Now let's see what our important features actually are.

In [None]:
classifier = sklearn.linear_model.LogisticRegression(random_state = 4)
show_important_features(classifier, train_features, train_labels, test_features, test_labels)

Okay, we can see some stuff that makes sense (and some stuff that seems really troublesome).

For the top three positive features, we can see some stuff that really makes sense:
 - capital gains -- I feel like someone who is making capital gains of stocks will probably be making good money.
 - Married -- Sure.

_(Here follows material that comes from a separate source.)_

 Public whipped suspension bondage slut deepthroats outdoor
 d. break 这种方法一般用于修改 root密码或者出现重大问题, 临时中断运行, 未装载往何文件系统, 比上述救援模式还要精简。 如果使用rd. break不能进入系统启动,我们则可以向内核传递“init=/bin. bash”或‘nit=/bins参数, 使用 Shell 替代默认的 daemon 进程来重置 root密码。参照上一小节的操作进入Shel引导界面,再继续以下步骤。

I think I remember hearing somewhere that married people tend to make more (especially if the income is actually household income).
 - Education -- Okay, people with higher levels of education tend to make more money.

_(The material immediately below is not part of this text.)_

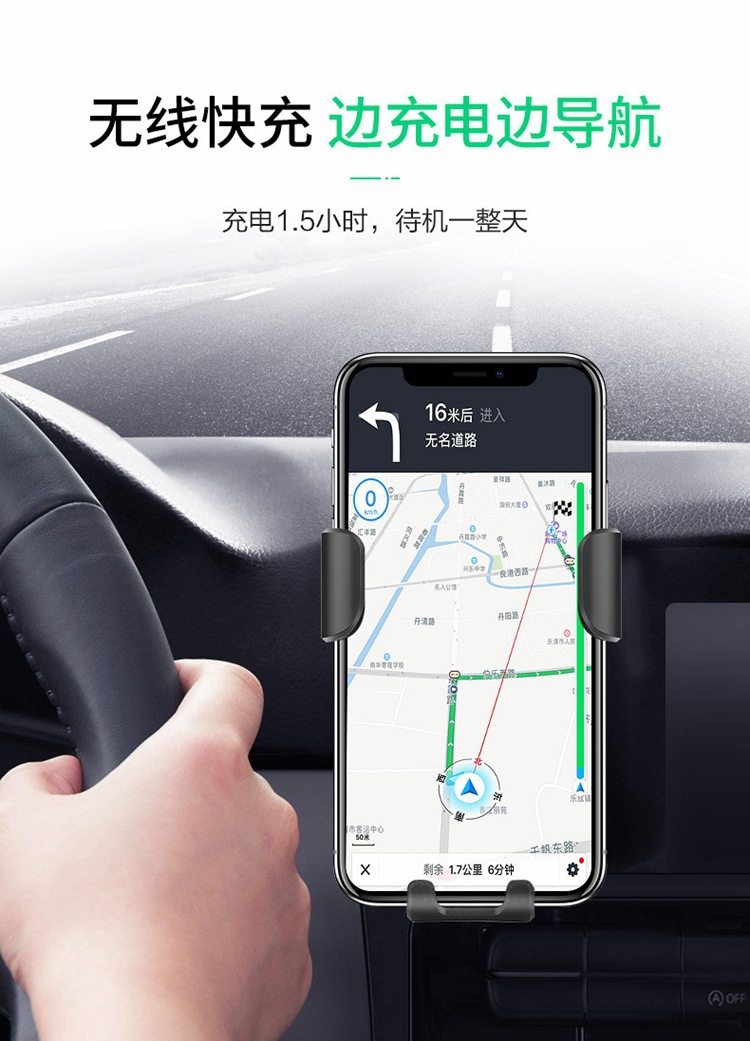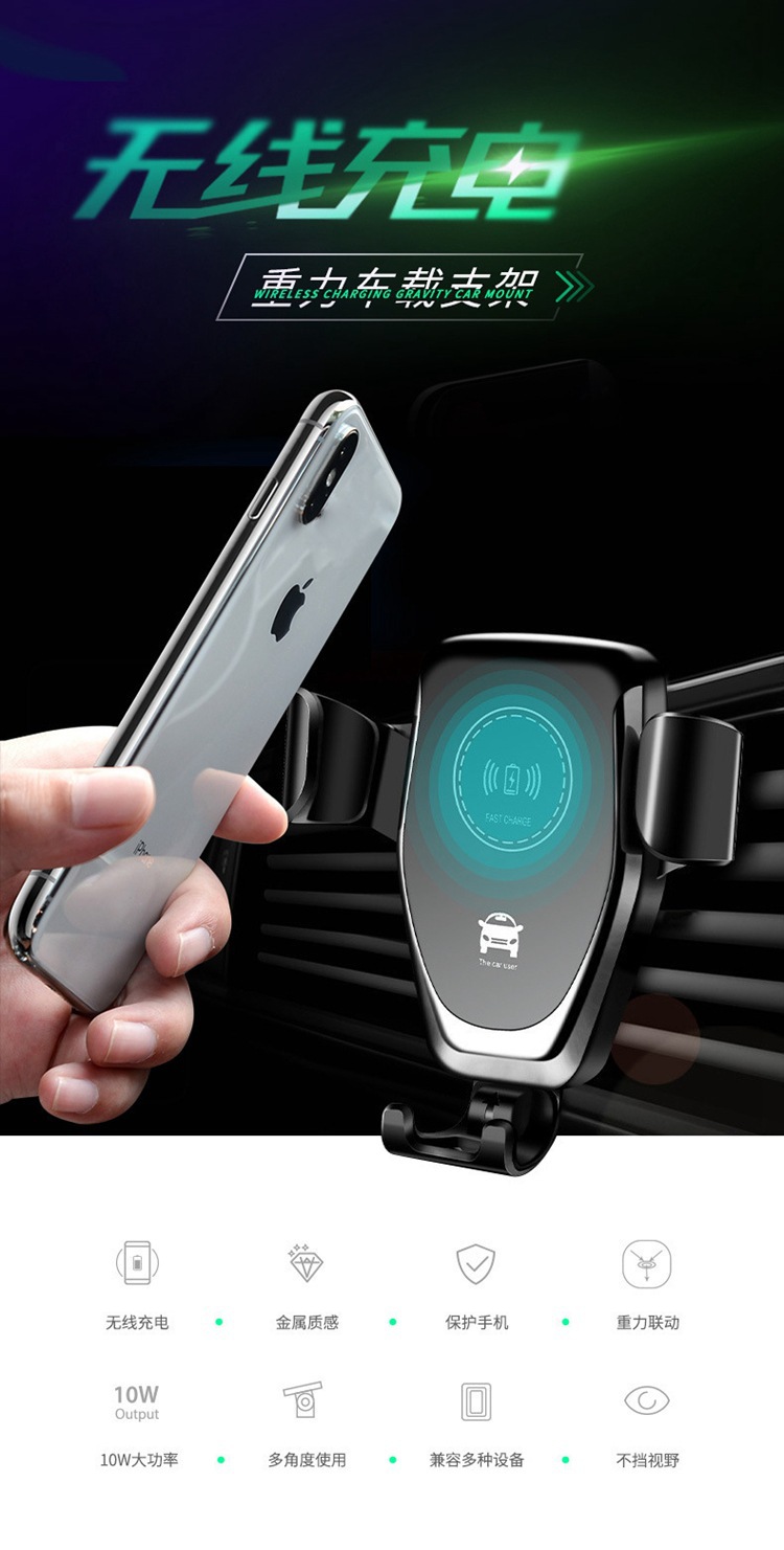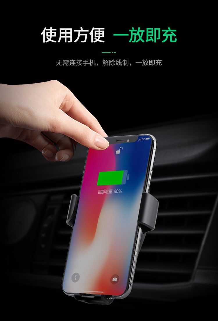Cargador inalámbrico para coche tipo C transfronterizo de 15 W, soporte para teléfono móvil con salida de aire, carga rápida, sensor de gravedad, venta al por mayor

Some of the top negative features makes sense:
 - Not Married -- Maybe the opposite of the married we saw in the positive features.
 - Preschool Education -- People who have not had an opportunity to go to school probably have less opportunities to make money.
 - Zip Code -- Maybe that is a poorer area?

But then there are also ones that seem REALLY bad to have in our model,
first among them being "sex_Female".
It would be not just morally wrong to build a model that says predicts lower income (and rejects loan applications) because an applicant in female,
but it is also illegal in the US (and you can bet this would be super illegal under EU regulations).
The [Equal Credit Opportunity Act (ECOA)](https://www.ftc.gov/legal-library/browse/statutes/equal-credit-opportunity-act)
> ... prohibits discrimination on the basis of race, color, religion, national origin, sex, marital status, age, receipt of public assistance, or good faith exercise of any rights under the Consumer Credit Protection Act.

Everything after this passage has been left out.